Task requirements:
Beginning with the line that holds "Wooden Pumpkin Doorplate" in the data below, give again every line through the one that holds "Bakti siswa qkk2101", exactly as written.

Records for this task:
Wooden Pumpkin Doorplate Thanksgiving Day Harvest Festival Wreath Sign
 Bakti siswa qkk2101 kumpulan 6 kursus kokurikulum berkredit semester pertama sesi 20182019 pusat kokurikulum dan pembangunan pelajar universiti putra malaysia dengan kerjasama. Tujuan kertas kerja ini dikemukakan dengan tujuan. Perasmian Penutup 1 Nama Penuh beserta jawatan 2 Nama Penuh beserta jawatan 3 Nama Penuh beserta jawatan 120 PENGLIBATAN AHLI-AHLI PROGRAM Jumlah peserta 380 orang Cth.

==

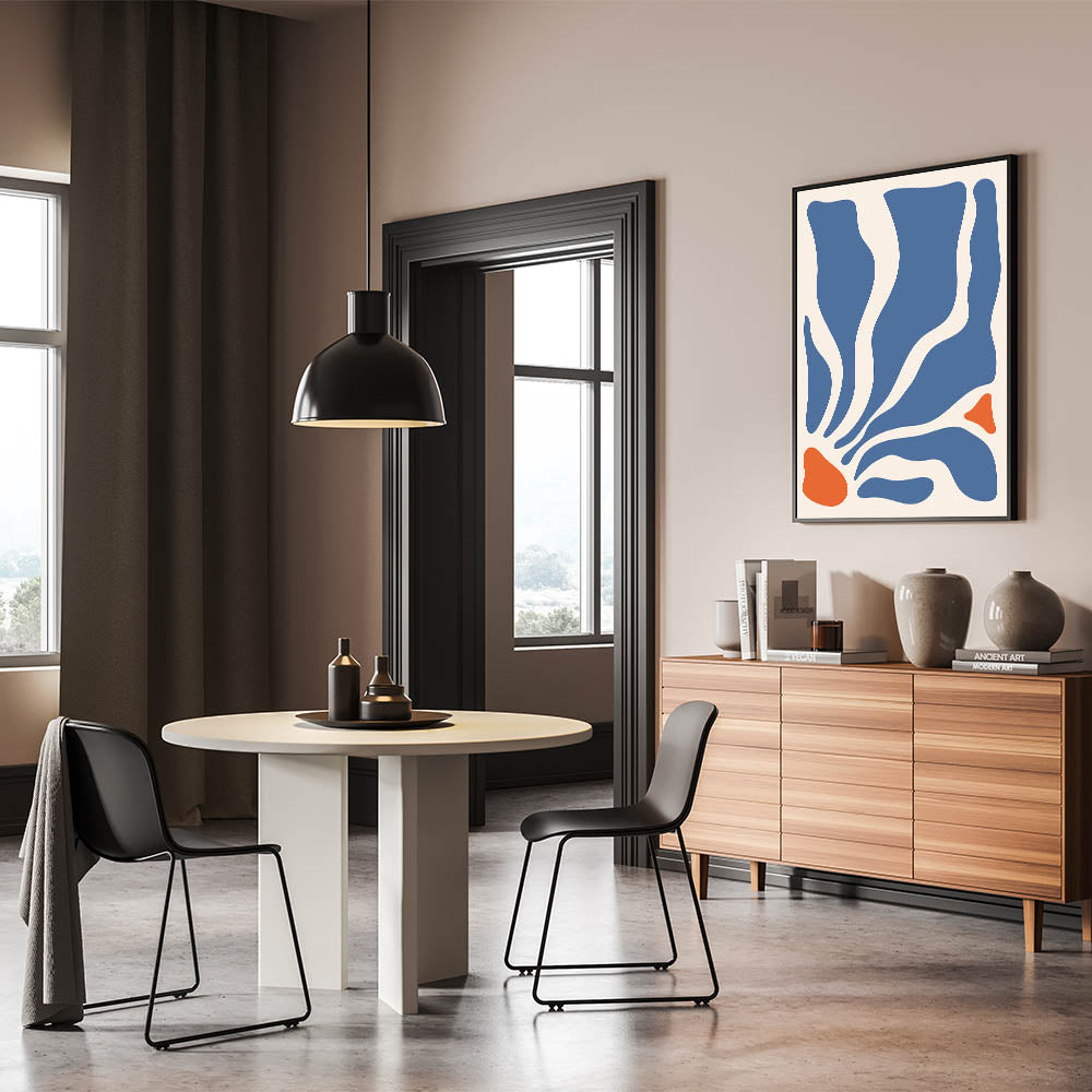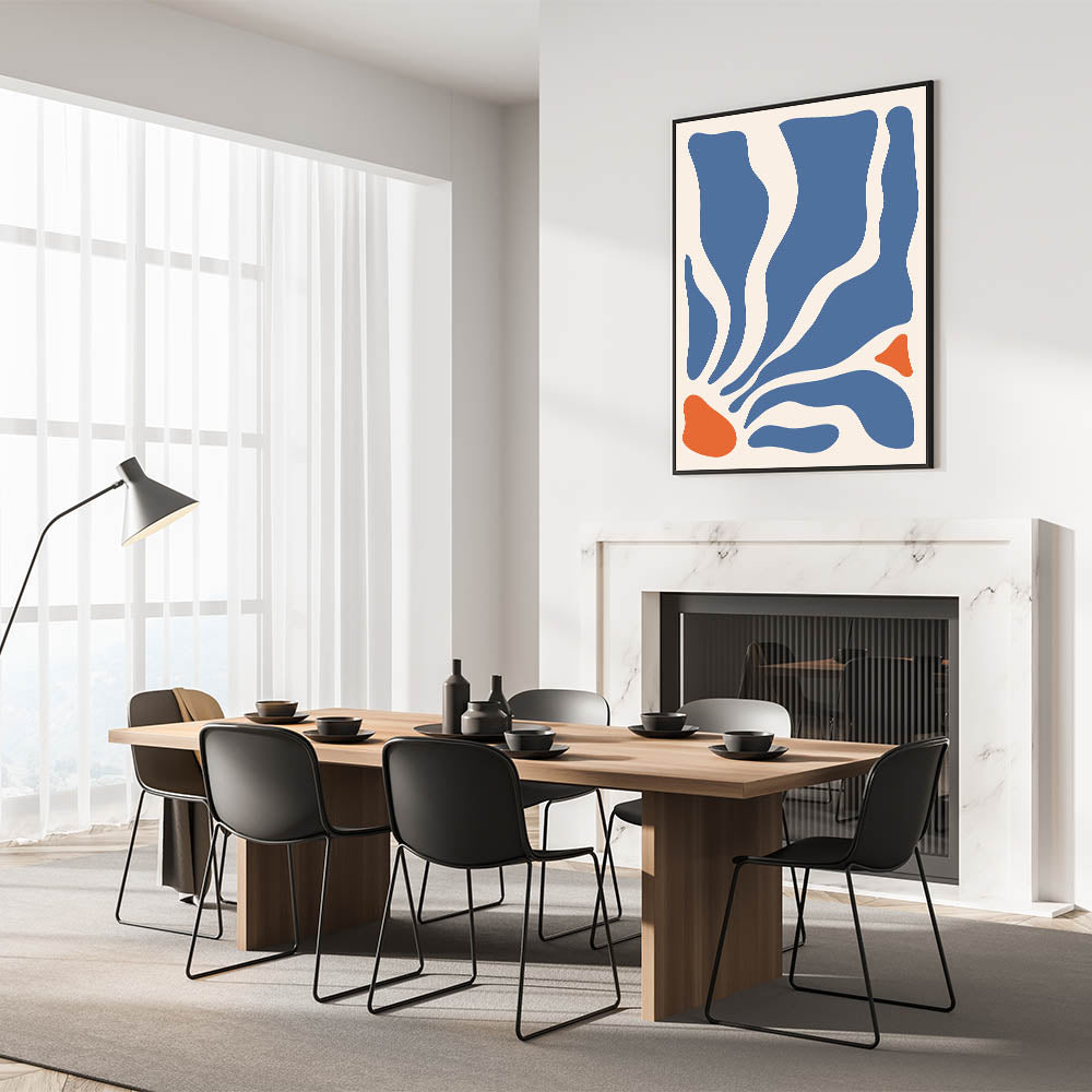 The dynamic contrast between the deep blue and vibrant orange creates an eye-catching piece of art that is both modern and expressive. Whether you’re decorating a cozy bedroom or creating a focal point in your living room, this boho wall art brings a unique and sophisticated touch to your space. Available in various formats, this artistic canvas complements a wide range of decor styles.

Response area:
Wooden Pumpkin Doorplate Thanksgiving Day Harvest Festival Wreath Sign
 Bakti siswa qkk2101 kumpulan 6 kursus kokurikulum berkredit semester pertama sesi 20182019 pusat kokurikulum dan pembangunan pelajar universiti putra malaysia dengan kerjasama. Tujuan kertas kerja ini dikemukakan dengan tujuan. Perasmian Penutup 1 Nama Penuh beserta jawatan 2 Nama Penuh beserta jawatan 3 Nama Penuh beserta jawatan 120 PENGLIBATAN AHLI-AHLI PROGRAM Jumlah peserta 380 orang Cth.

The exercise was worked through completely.